On the other hand, inet_sock_set_state
logs the source/destination port and IPs of new connections along with the PID of the process, so we can match new outgoing connections with this data:
new outgoing connection:
192.168.1.134:51413 -> 47.188.48.32:57949
inet_sock_set_state:
ADD: pid:22825 inet_sock_set_state -> map[daddr:47.188.48.32 daddrv6:::ffff:47.188.48.32 dport:57949 family:AF_INET oldstate:TCP_CLOSE protocol:IPPROTO_TCP saddr:192.168.1.134 saddrv6:::ffff:192.168.1.134 sport:51413] Key: 192.168.1.134:51413 47.188.48.32:57949
It's not bulletproof. Sometimes the source port is 0 (probably when connection fails to establish), so the new outgoing connection doesn't match. But still, it seems to work way better than the current method.

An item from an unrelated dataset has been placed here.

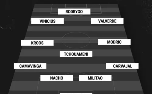 Thibaut Courtois; Dani Carvajal, Eder Militao, Nacho, Eduardo Camavinga; Toni Kroos, Aurélien Tchouaméni, Luka Modric; Federico Valverde, Vinicius Jr. y Rodrygo, los apuntados por estas horas para confirmar los planes de Carlo Ancelotti en un nuevo reto por LaLiga y donde Real Madrid no tiene margen de error en ningún sentido.

@gustavo-iniguez-goya, I remember reading in other github issues that you've done a lot of research into this area of trying to pin down where the unrecognized connections come from.

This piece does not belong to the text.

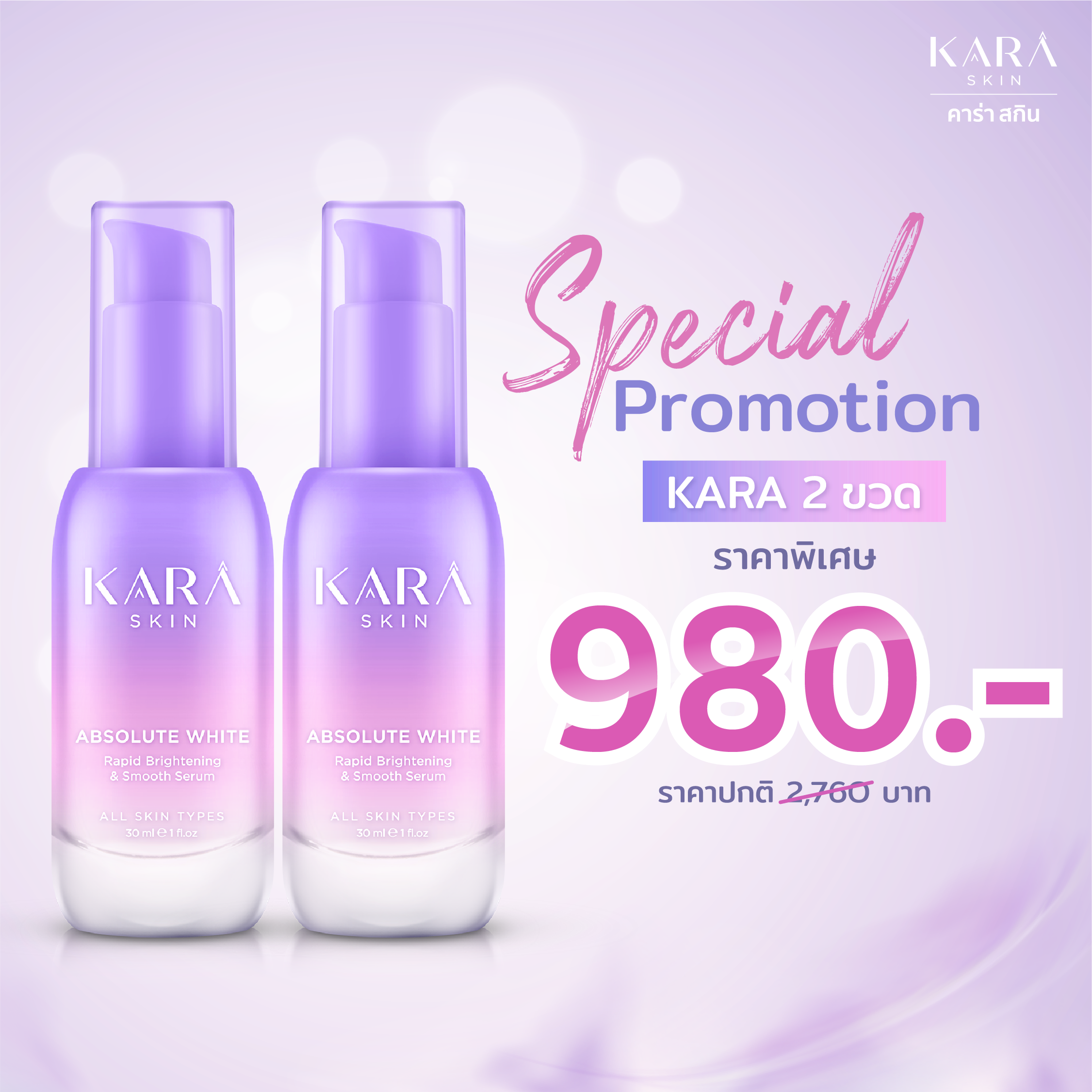 เซรั่มคาร่า 2 ขวด เซรั่มหน้าใส ลดฝ้า กระ จุดด่างดำ ภายใน 14 วัน

Have you seen connections which the first time around are not found via netlink nor via tcp netstat, but if you loop again they will be found via netlink or netstat? Sort of like a delay in the kernel to update its netlink tables or something?
Or has it always been the case that if the connection is not found on the first netlink/netstat iteration, it means that's the end of it?
Just throwing some ideas around. Maybe you already know these things, so it's quicker to ask you than to test whether it is the case.